When we continue to label women as the ‘more caring’ or whatever other label one might apply, we are boxing women in. It reinforces the stereotypes that many of us struggle to overcome. And that contributes to gender discrimination, lost opportunities and less pay.
Wolf Pascoe says
Coontz’s article is terrific. We are up against a structural wall that blocks adequate childcare. That wall needs to come down, and she rightly frames the consciousness raising necessary to bring this about: “We must stop seeing work-family policy as a women’s issue and start seeing it as a human rights issue that affects parents, children, partners, singles and elders.”
Tammy L. (tammyluck) says
I didn’t mean to imply that only non-profits pay less for more flexibility (and that all non-profit positions offer that flexibility – mine did, but I know that is not universal). I have made the conscious choice of selecting more free time than salary throughout my career. I view my time outside work as what gives my life value. Only one of my numerous positions have been in the non-profit world, the rest have been with corporations, but ones that don’t pay as well. This has been a deliberate choice on my part. My point was that the gender pay gap should be comparing apples to apples, which it often is not.
I definitely agree that women should all take negotiation skills classes. It is amazing how different the process can be when potential hires view themselves as being in a position of strength (whether that is true or not is immaterial) versus simply grateful for a job offer. That mental shift, which was the focus of the workshop I took, has made all the difference in the world to my approach and confidence in standing up for myself when it comes to salary.
Mutant Supermodel says
Impossible dream? No. Impossible in my lifetime? Most likely yes.
Morgana Morgaine says
Ms. Coontz speaks of “structural impediments to living our egalitarian values”–my take on this is that American culture is so conflicted and “at war” about whether our culture should continue as an I-me-and mine focused culture or a “all of us” culture basing our decisions and love of country on the “we” of us, making basic decisions for thriving on the basis of the “good for all”, broadly speaking.
I look at Sweden and Denmark (all the Scandinavian countries actually) and somehow they “evolved” to creating cultures that honor and value safety nets rather than disparaging safety nets as “taker” nets! I too am so tired of this whole ongoing why are we not equal thing and have become more “go for the jugular”!

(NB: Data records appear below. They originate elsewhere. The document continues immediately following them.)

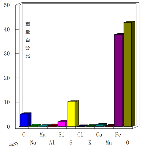 能譜分析顯示該樣品主要由 O、Fe、S、C元素組成,含少量 Ca、Mg、Al、Si、Na、Mn等,衍射資料顯示主要物質(zhì)為鐵的氧化物和硫,含少量石英、粘土礦物和方解石等,推測含有鐵的硫化物和有機物(見(jiàn)圖3)。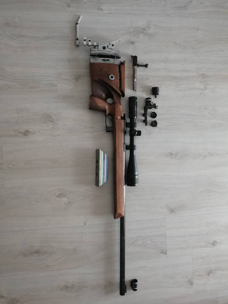 Vendo carabina Anschutz Match 54, calibre 22lr, con culata original, rail inferior para accesorios, y lo que se ve en las fotos excepto visor, aunque se podría incluir también. La cantonera como veis es la moderna, con rabera articulada. Esta solo, ya cuesta 300 euros. La carrillera es ajustable en altura. El diopter y el túnel tienen diferentes piezas con filtros y demás. No se muy bien como van porque no los he usado nunca. Siempre la he usado con visor. Se puede ver y probar sin compromiso. La culata es antigua, la original, y aunque está bien, ha tenido varias reparaciones, lijados... por otros propietarios. Ahora yo la tengo al aceite.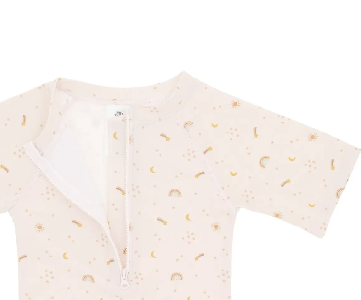 Los bañadores con cremallera delantera y preciosos estampados de las colecciones Verano Monnëka 2025 han sido confeccionados con una tela especial que protege la piel de los peques de los rayos solares.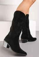 Czarne Botki Kowbojki na Słupku z Ozdobnymi Przeszyciami Starlina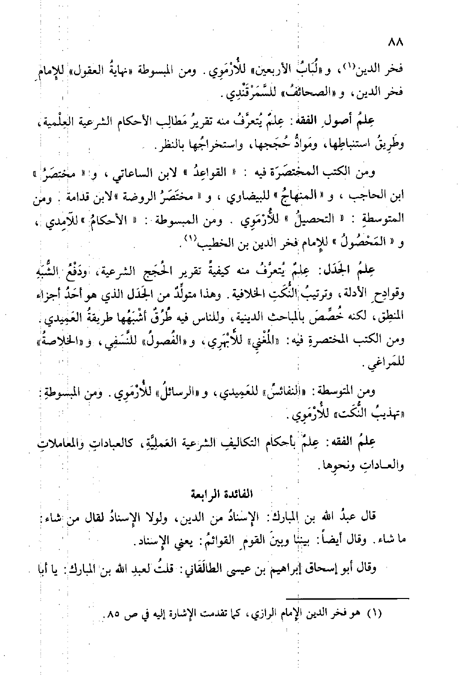 فَخر الدّين ولباب الْأَرْبَعين للأرموي وَمن المبسوطة نِهَايَة الْعُقُول للْإِمَام فَخر الدّين والصحائف للسمرقندي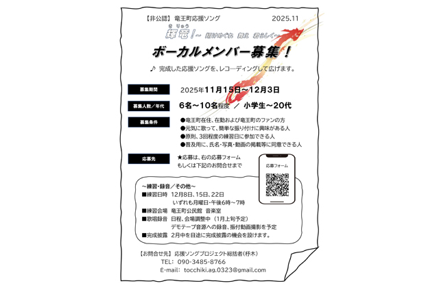 募集人数は6~10人程度。応募は次の申し込みフォームより受け付けている。申し込み締め切り12月3日まで。詳しくは竜王町ホームページ(https://www.town.ryuoh.shiga.jp/machi/70th_anniversary/ouen_song.html)へ。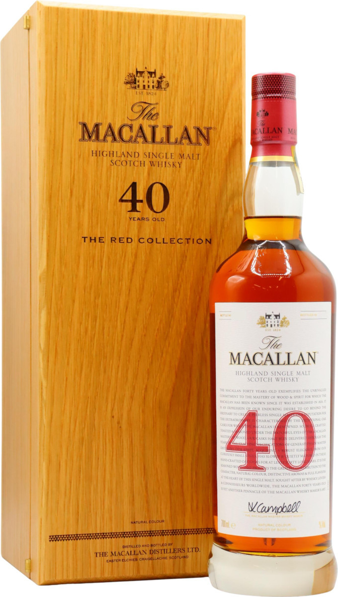 The distinctive red colour weaves its way through their history, starting with the name of their founder Alexander Reid—literally “The Red”, to The Macallan’s ‘Choice Old’ range released over a century ago in 1903, through to Allan Shiach marking vintage bottles of The Macallan with a red ribbon in the 1980s. The oak presentation box is crafted by hand in the UK, using the same sustainable European Oak Macallan use to make our casks. The box has been beautifully upholstered with sustainably sourced, soft scottish leather from our renowned partners, Bridge of Weir Leather. Tasting Notes Colour - Antique Gold Nose - Orange and Grapefruit combining with dark chocolate. Antique oak and wood spices with fig and poached pear. Palate - Ginger, nutmeg and cinnamon with vanilla. An effervescence with Malty notes and fig. Finish - Long with delicate wisps of woodsmoke.
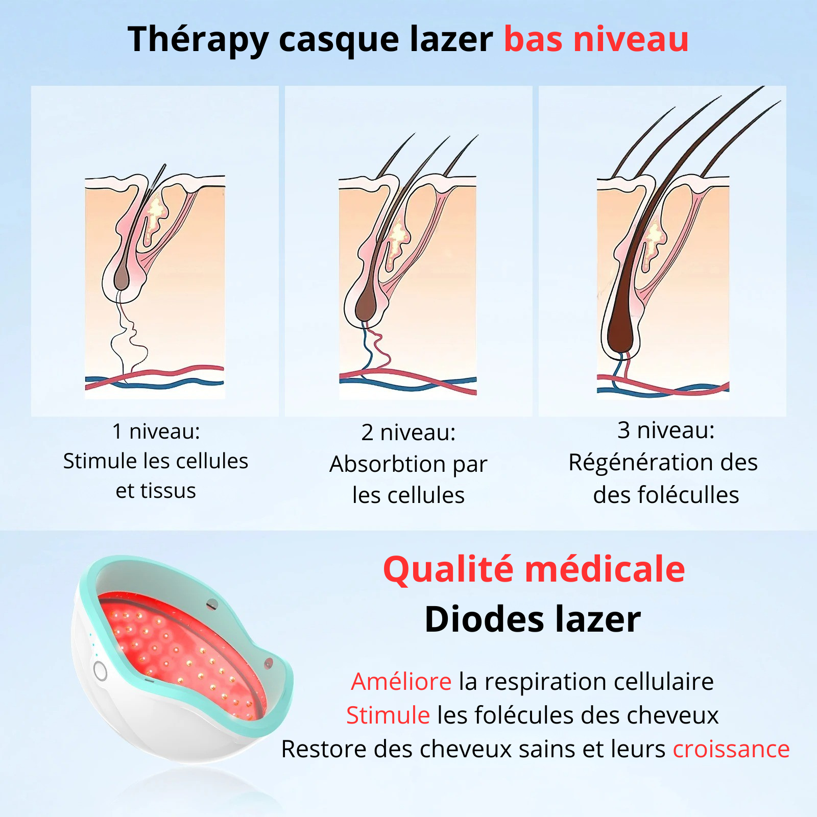 Casque de Croissance Capillaire LLLT sans Fil pour Cheveux Fins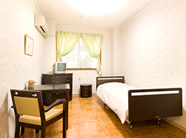 | 居住設備 | 個室:居室面積12.42㎡ 夫婦居室:居室面積24.84㎡ エアコン・介護ベッド・チェスト・テーブル・イス・テレビ・カーテン・ナースコール等 |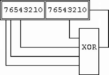 Чтобы "перексорить" эти биты, достаточно "вращать" аккумулятор влево командой RLCA (в сторону возрастания номеров битов), выполняя команду XOR в нужный момент (один раз с регистром L и три раза с регистром H). Неважно, что портятся остальные биты аккумулятора, ведь нас интересует только один. Последней командой RLCA нужный нам бит попадает в флаг переноса и затем командой ADC HL,HL попадет в нулевой бит регистровой пары HL после ее сдвига влево.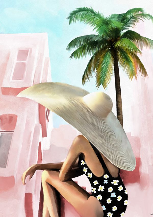 Summer Palm by Cooper Black exudes the relaxed, sun-soaked charm of a perfect summer day. The painting features a woman in a bathing suit and a large straw hat, sitting on a pink street, gazing at the buildings around her. A single palm tree adds to the tropical vibe, completing the scene with a sense of calm and warmth. The soft pastel colours and serene atmosphere invite you to unwind and imagine yourself in this idyllic summer setting.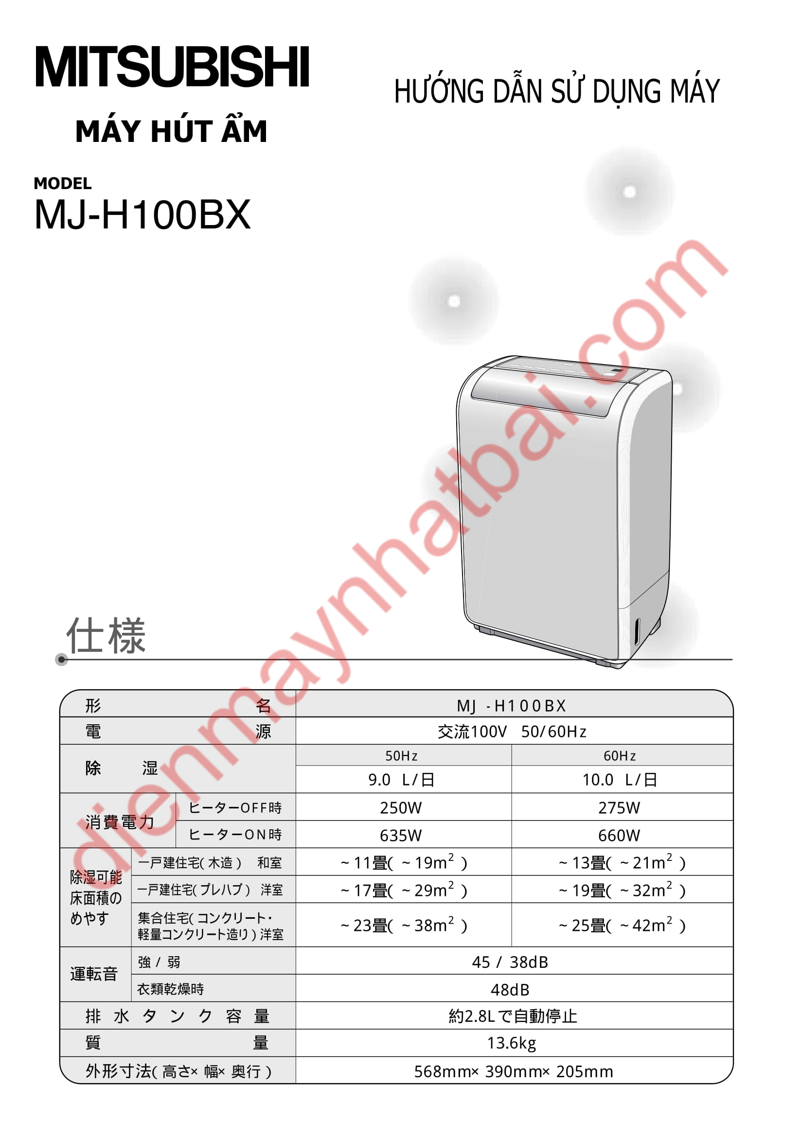 Hướng dẫn sử dụng máy hút ẩm Mitsubishi MJ-H100BX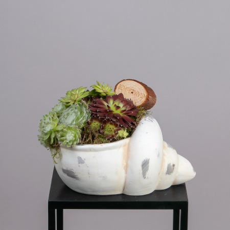 Как правило, растения доставляются в техническом пластиковом горшке от поставщика. Если в наименовании указано «в керамике/цинке», то в эту стоимость входит декоративное кашпо.

Read “Unplugging the Patriarchy” by Lucia Renee (and this is NOT just a woman’s issue but a human issue–getting out from under the foot of a 5000 year old “winner take all” dominant thoughtform–).
My take? Everything will change out “there” when women really change “in “here”–within themselves and believe it—give up speaking in baby little girl voices, sink down into their power center and act like we are in control of our own destinies–body posture and voice quality are huge in this—I quote from the book: “If you think of yourself as being feminine–in the sense of being weak, genteel, CONSTANTLY SELF EFFACING, always cleaning up after others–then you misunderstand your power and YOUR PURPOSE….WE are approaching an Age of Women. It’s imperative that women throw off their conditioning and begin to stand in their own power.”
I too wrote in my own book that borderless broads only result when we throw off our deeply embedded social training and believe ourselves to be pivotal to this time in our human evolution and it is OK to fake it until you feel it and believe it!.
See Amy Cuddy ofnTed.com and this article (body language, power poses).
absence of alternatives says
Thank you! You said exactly what I have been saying to myself inside my head (or out loud when I am driving) but of course a lot more eloquently. I believe Stephanie Coontz was the one who said something about women not only have to do it all, they also look hot while doing it all. AND that’s exactly my point!